L'ONG Proud Lebanon (Liban fier) organisait dimanche un colloque dans un hôtel de Beyrouth appelant à lutter contre la discrimination à l'égard de la communauté LGBT (lesbiennes, gais, bisexuels et transsexuels), avec la participation de journalistes, d'artistes et de médecins.

«Mais l'association des oulémas (théologiens) musulmans a menacé d'organiser des manifestations devant l'hôtel, qui a finalement annulé l'évènement», a affirmé lundi à l'AFP Bertho Makso, directeur de Proud Lebanon, créée en 2014.

Dimanche, les oulémas ont diffusé un communiqué sur leur page Facebook sous le titre «le dernier avertissement», appelant le ministère de l'Intérieur à «interdire» le colloque qui était selon eux un «crime contre la vertu».

«Si les autorités n'assument pas leur rôle, elles devront faire face aux conséquences de la mobilisation de tous ceux qui se soucient de la vertu et de l'honneur (...) pour interdire ce colloque», a prévenu le communiqué.

D'après M. Makso, l'hôtel a eu peur pour sa sécurité.

«Il s'agissait de vraies menaces. Nous avons alors pensé organiser l'évènement dans un endroit public, mais qui pouvait garantir la sécurité des participants?», a-t-il demandé.

Les oulémas se sont félicités sur Facebook de l'annulation de l'évènement.

Le colloque, organisé avant la Journée internationale contre l'homophobie et la transphobie (IDAHO) célébrée le 17 mai, prévoyait la diffusion d'un documentaire sur des LGBT ayant souffert de discriminations au Liban.

La conférence devait être axée sur l'importance du soutien des familles à leurs enfants LGBT.

C'est la deuxième année de suite qu'un tel évènement organisé par Proud Lebanon est annulé.

En 2016, cette fois-ci sous la pression des autorités religieuses chrétiennes, un évènement qui devait réunir artistes et journalistes n'a pas eu lieu.

Si le Liban est considéré plus «tolérant» à l'égard de l'homosexualité en comparaison à d'autres pays arabes, la police mène régulièrement des descentes dans les boîtes de nuit et autres lieux fréquentés par les homosexuels.
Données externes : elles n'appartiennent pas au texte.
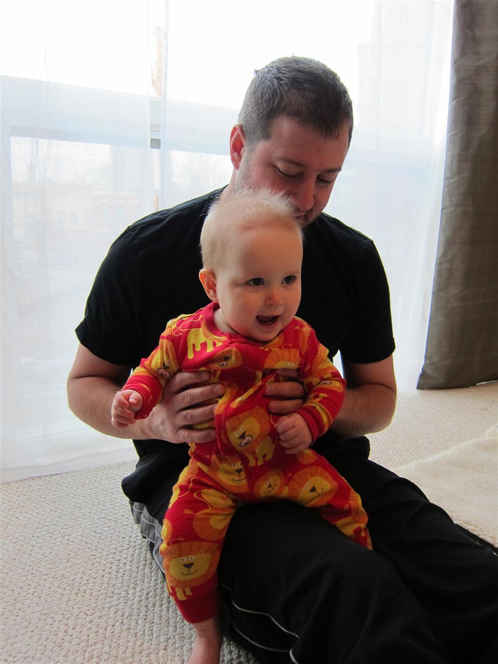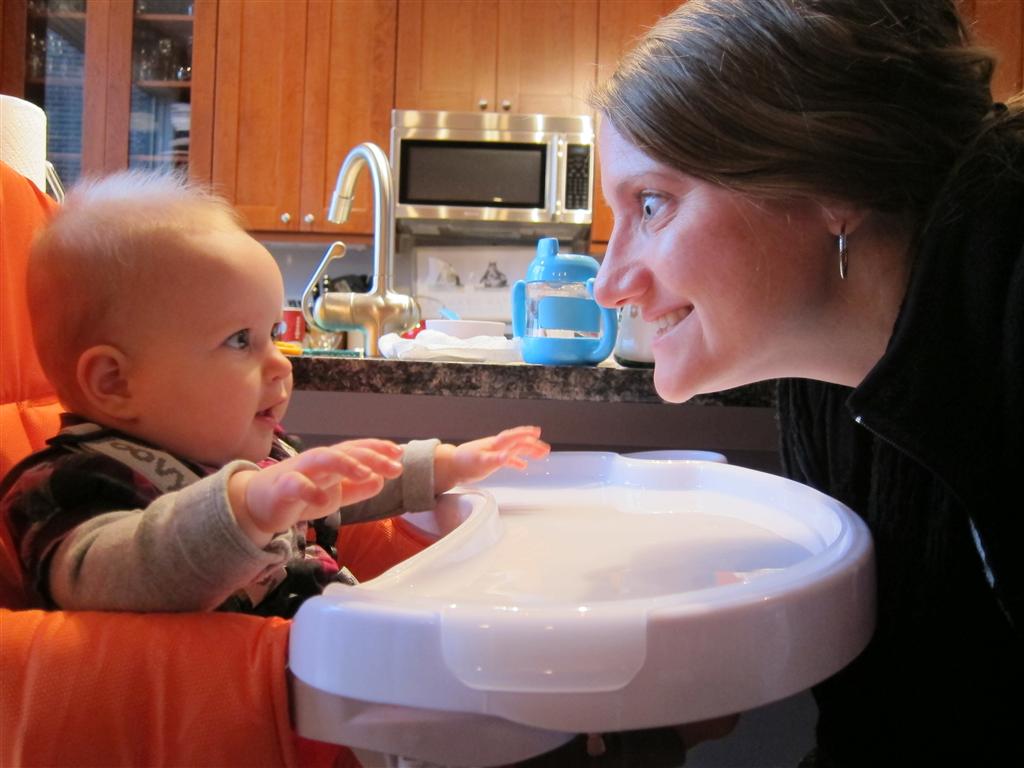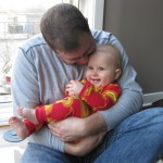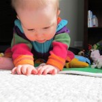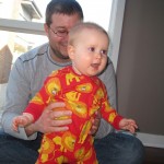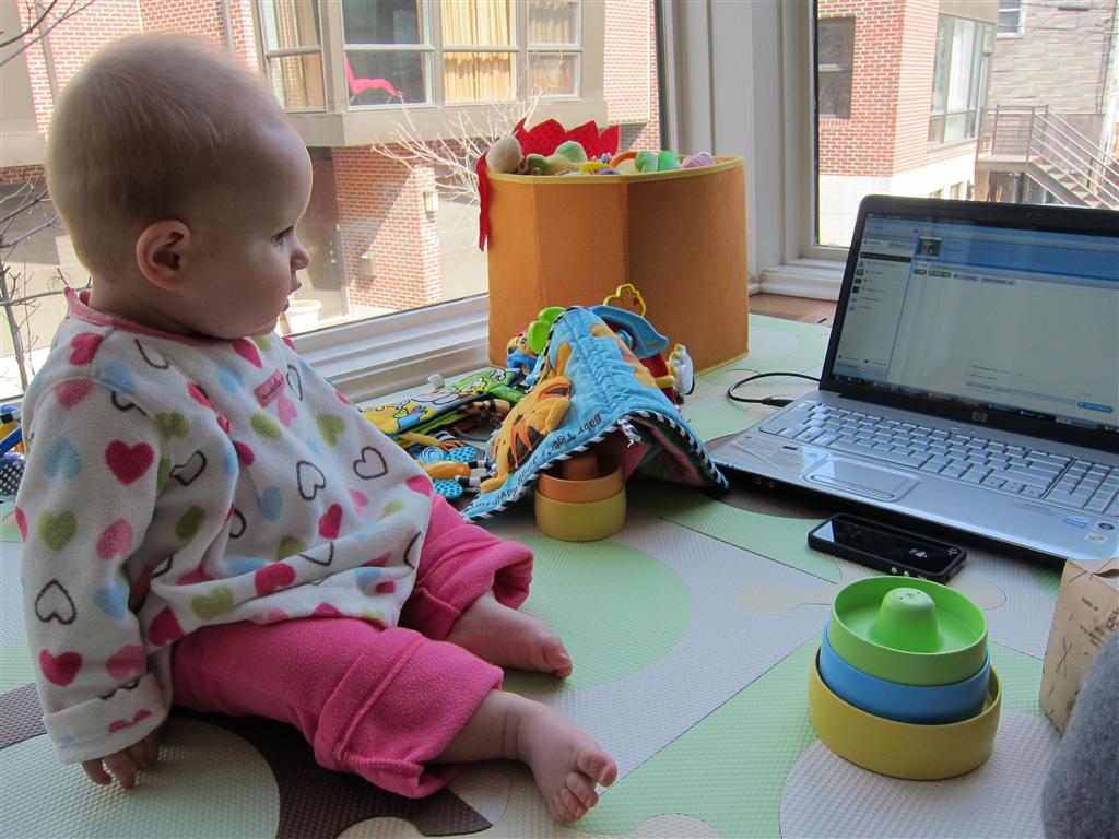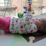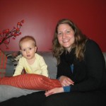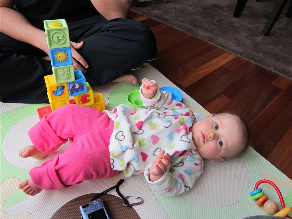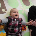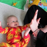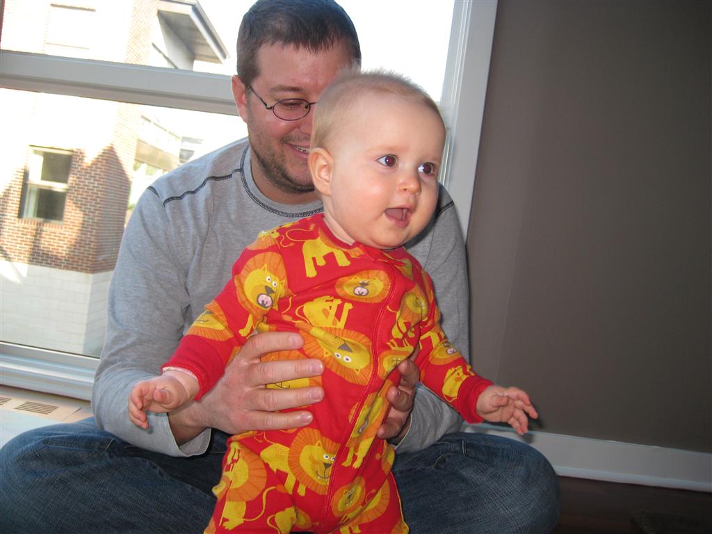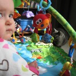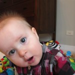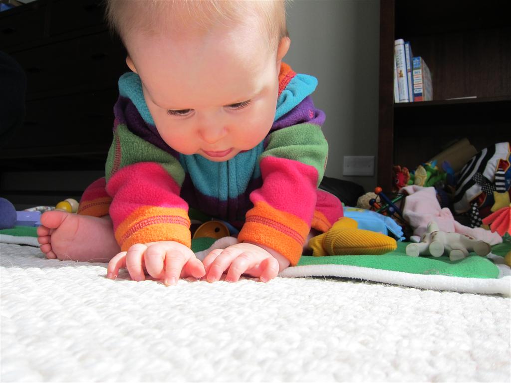This week Eleanor is cutting two more teeth – up top next to her front two. Unfortunately, they are quite hard to see, so we don’t have any pictures to share, but maybe next week.   Eleanor has also been working on her musical talents with her new instruments, especially the maracas.  Her standing is also improving on a daily basis, with some stints of 8-10 seconds of “free standing”.  Not much progress on the crawling front – the only time Ellie willingly gets on her tummy is when the iPhone is within rolling distance.  Why do kids love phones?

En outre, les homosexuels font souvent l'objet de quolibets, en société comme dans des émissions télévisées.

Les militants LGBT appellent à la suppression de l'article de loi 534 du Code pénal libanais, selon lequel les relations sexuelles «contre nature» sont illégales, avec une peine allant jusqu'à un an de prison.